Miden dos centésimas de centímetro, así que pueden encajar holgadamente en un folículo de vuestra piel. Están provistos de garras y una boca, con la que pueden atravesar las células de la piel. Pero no generan apenas excrementos, porque no tienen ano (y ni siquiera sabemos de qué se alimentan).

Demodex folliculorum

En realidad, hay dos especies de ácaros que viven en tu cara: Demodex folliculorum y D. brevis. Son artrópodos, el grupo que incluye animales con patas articuladas, como insectos y cangrejos. Siendo ácaros, sus parientes más cercanos son arañas y garrapatas.
Bajo el microscopio, se ven como si nadaran a través del petróleo. Las dos especies viven en lugares ligeramente diferentes. D. folliculorum reside en los poros y folículos pilosos, mientras que D. brevis prefiere establecerse más profundamente en las glándulas sebáceas.
 
En comparación con otras partes de tu cuerpo, tu cara tiene poros más grandes y glándulas sebáceas más numerosas, lo que puede explicar por qué los ácaros tienden a vivir allí. Pero también se han encontrado en otros lugares, incluidos el área genital y en los senos.
 
En 2014, quedó claro cuán omnipresentes son. Megan Thoemmes y sus colegas de la Universidad Estatal de Carolina del Norte, en Raleigh, encontraron ADN Demodex en cada una de las caras que analizaron.
 
Eso sugiere que todos los tenemos, y probablemente en un número bastante elevado. Dicho de otra manera, puede haber alrededor de dos ácaros por pestaña. Las poblaciones pueden variar de persona a persona, por lo que unos tendrán muchos más que otros. También puedse tener más ácaros en un lado de la cara que en el otro. Sin embargo, no está claro qué obtienen los ácaros de nosotros. Para empezar, no estamos seguros de lo que comen.
 
Algunos piensan que comen las células muertas de la piel. Algunos piensan que están comiendo la grasa de la glándula sebácea. Thoemmes y sus colegas actualmente están examinando los microorganismos que viven en las entrañas de los ácaros. Eso podría ayudar a determinar su dieta.
 
Tampoco sabemos mucho sobre cómo se reproducen. Parece que salen de noche para aparearse y luego vuelven a sus poros. Lo único que sabemos es que ponen huevos, como podéis ver en el siguiente vídeo:
 
 
 
Los ácaros Demodex hembras ponen sus huevos alrededor del borde del poro en el que viven. Pero probablemente no sean muchos.

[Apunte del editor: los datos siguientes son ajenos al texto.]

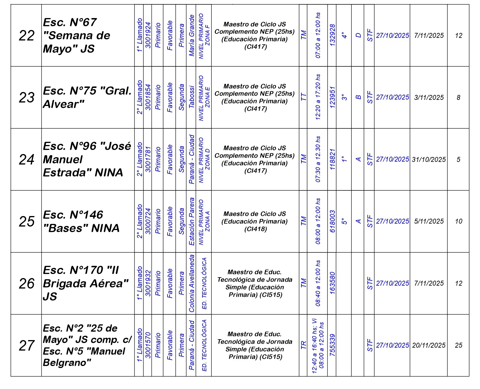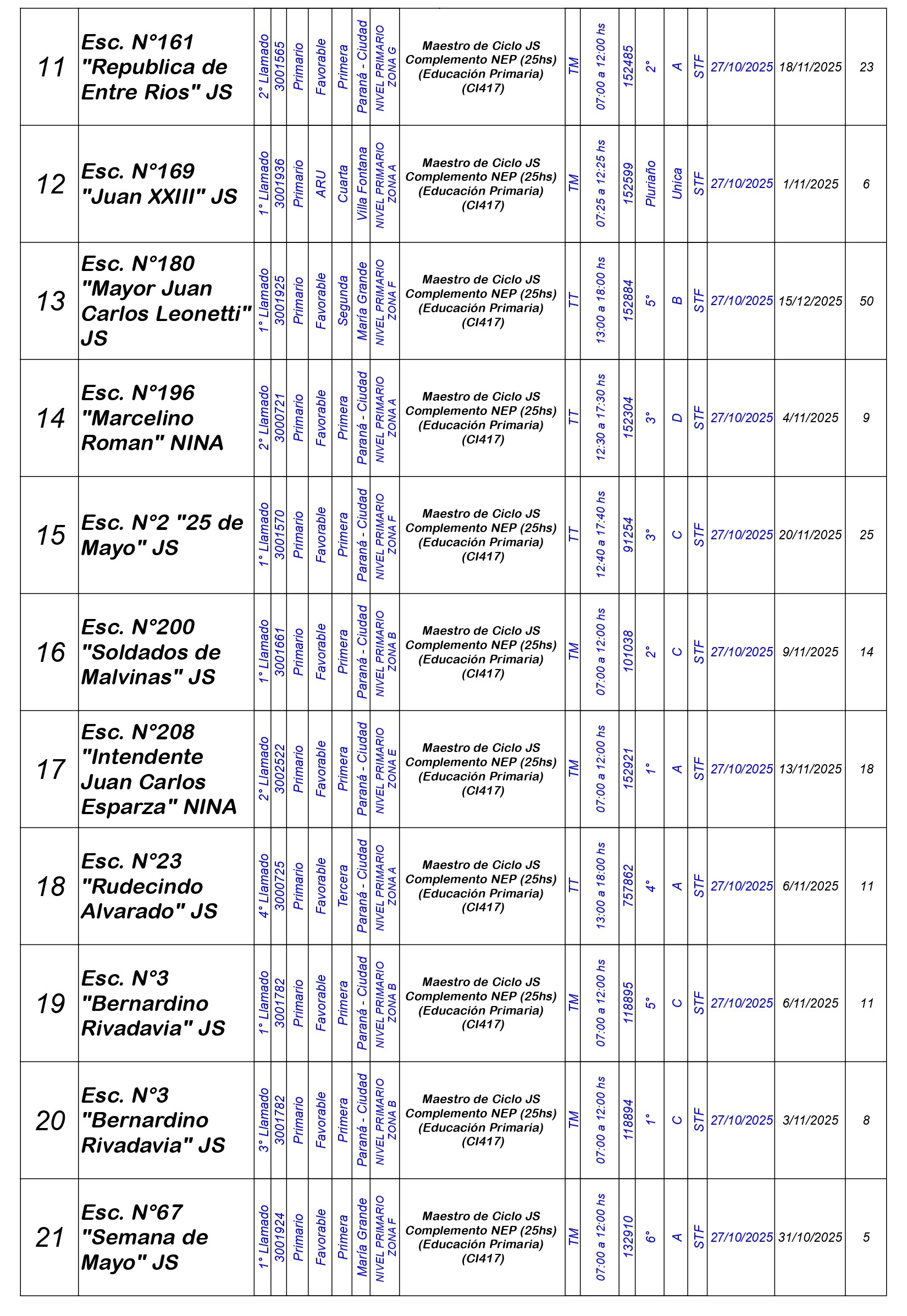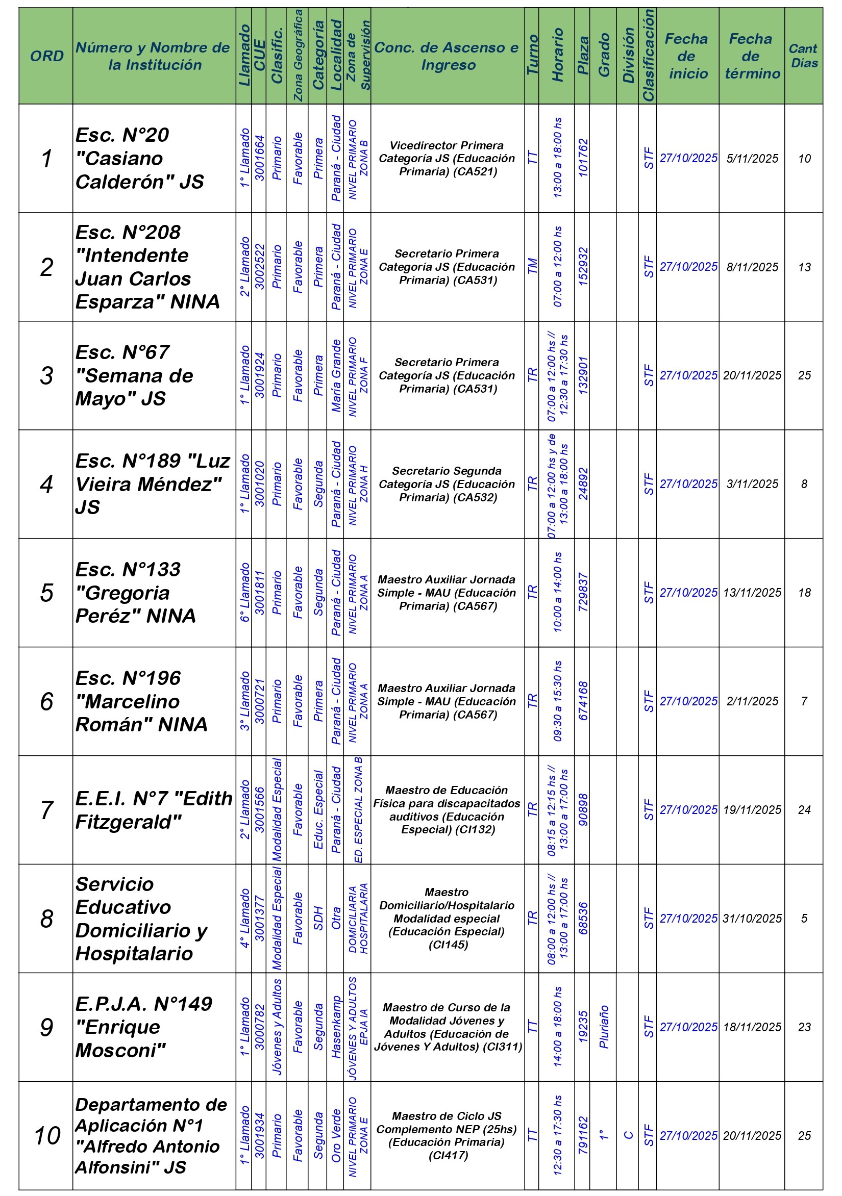 La Dirección Departamental de Escuelas Paraná Convoca a concurso presencial para el día LUNES 27 de OCTUBRE de 2025 a partir de las 08:00 hs, en Salón de Concursos de la Dirección Departamental de Escuelas Paraná, sita en calle Don Bosco N°749 (Complejo “Eva Perón”) de la Ciudad de Paraná, para la cobertura de Cargos de Ascenso e Ingreso de Nivel Inicial – Primario y Modalidades. En el marco del Acuerdo Paritario /Reglamento de Concursos Resolución Ministerial N° 783 M.T. (Res. 1000/13) – Resolución N° 0691/21 CGE y sus modificatorias,- De Director, Resolución N° 1200/22 C.G.E. y modificatorias – De Vicedirector, Resolución N° 1200/22 C.G.E. y modificatorias – Listado de Suplencias vigentes: Listado de Suplencias de Ascenso N° 188 y el Listado de Suplencias de Ingreso N° 188.
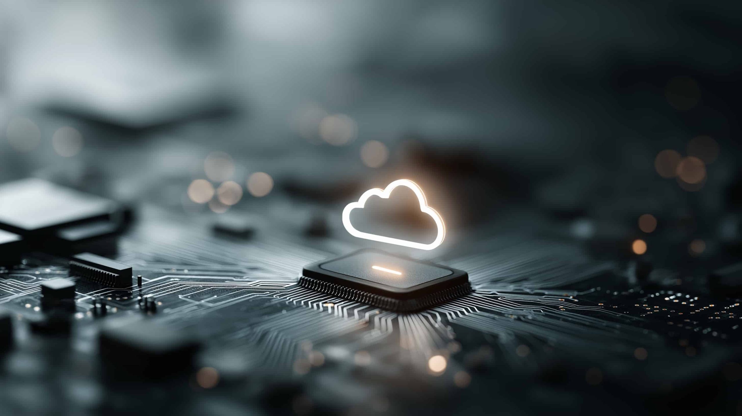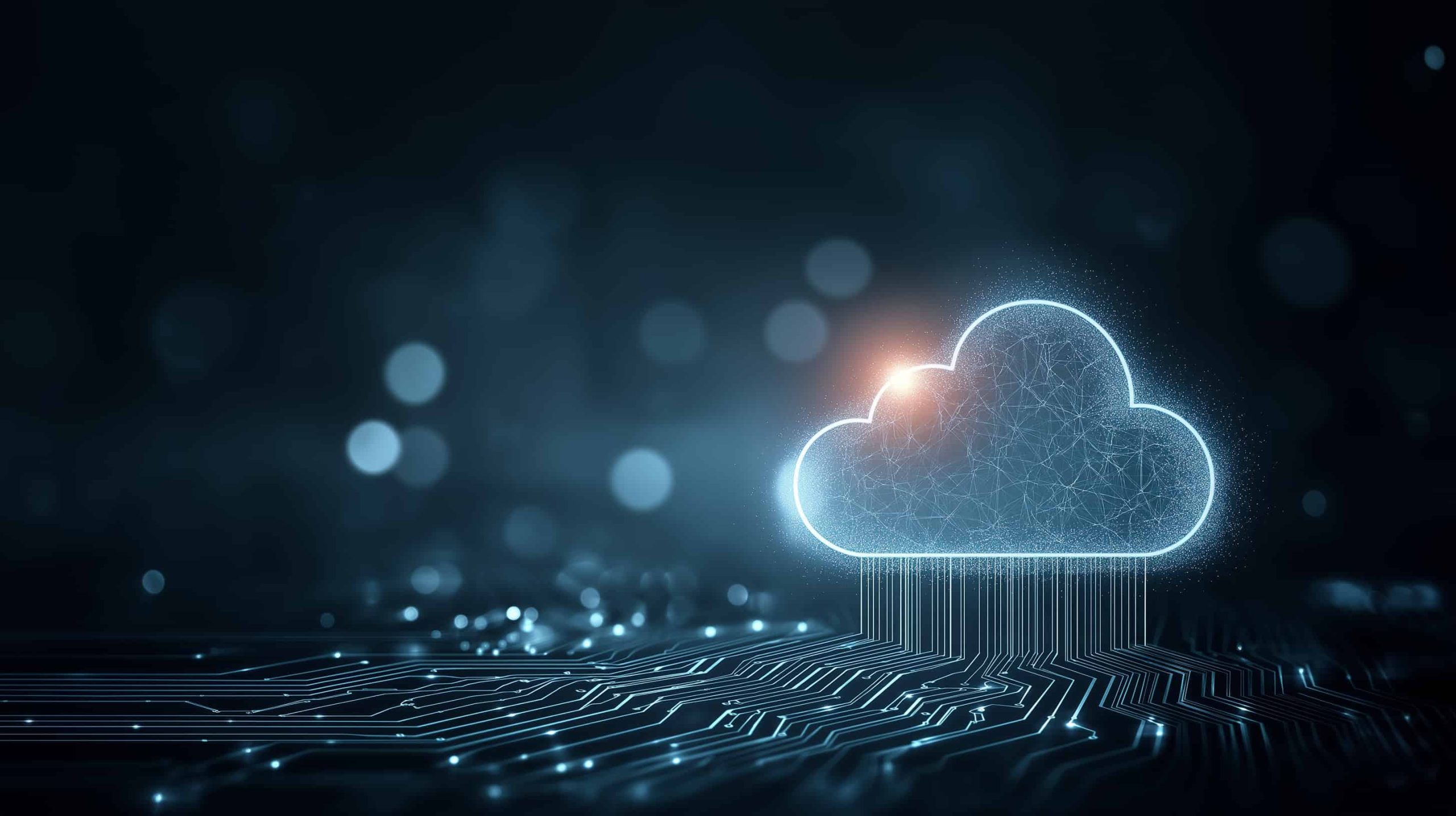 描述:线框质感的科技云漂浮在精密电路板上,云体带发光细节,背景暗调且光斑点缀,充满未来科技感,传递云计算、数字科技内涵,适用于科技展示、创意海报等场景。

Sus huevos son bastante grandes, de un tercio a la mitad del tamaño de su cuerpo, lo cual sería muy exigente a nivel metabólico.
 
Cuando un Demodex muere, su cuerpo se seca y todos los desechos acumulados se degradan en tu cara. Pero no hay que preocuparse, parece que estos ácaros no son dañinos. Con todo, si tenemos demasiado, entonces podemos sufrir rosácea (una enfermedad inflamatoria crónica de la piel): en lugar de 1 o 2 por centímetro cuadrado de piel, el número aumenta de 10 a 20. Pero eso no significa que los ácaros causen el problema: en un estudio publicado en 2012, se llegó a la conclusión de que la causa principal eran los cambios en la piel de las personas.
 
 
 
Y esto es solo la punta del iceberg. Nuestros cuerpos están llenos de microorganismos: constituyen el 90% de nuestras células. Porque, en puridad, tú no eres tú.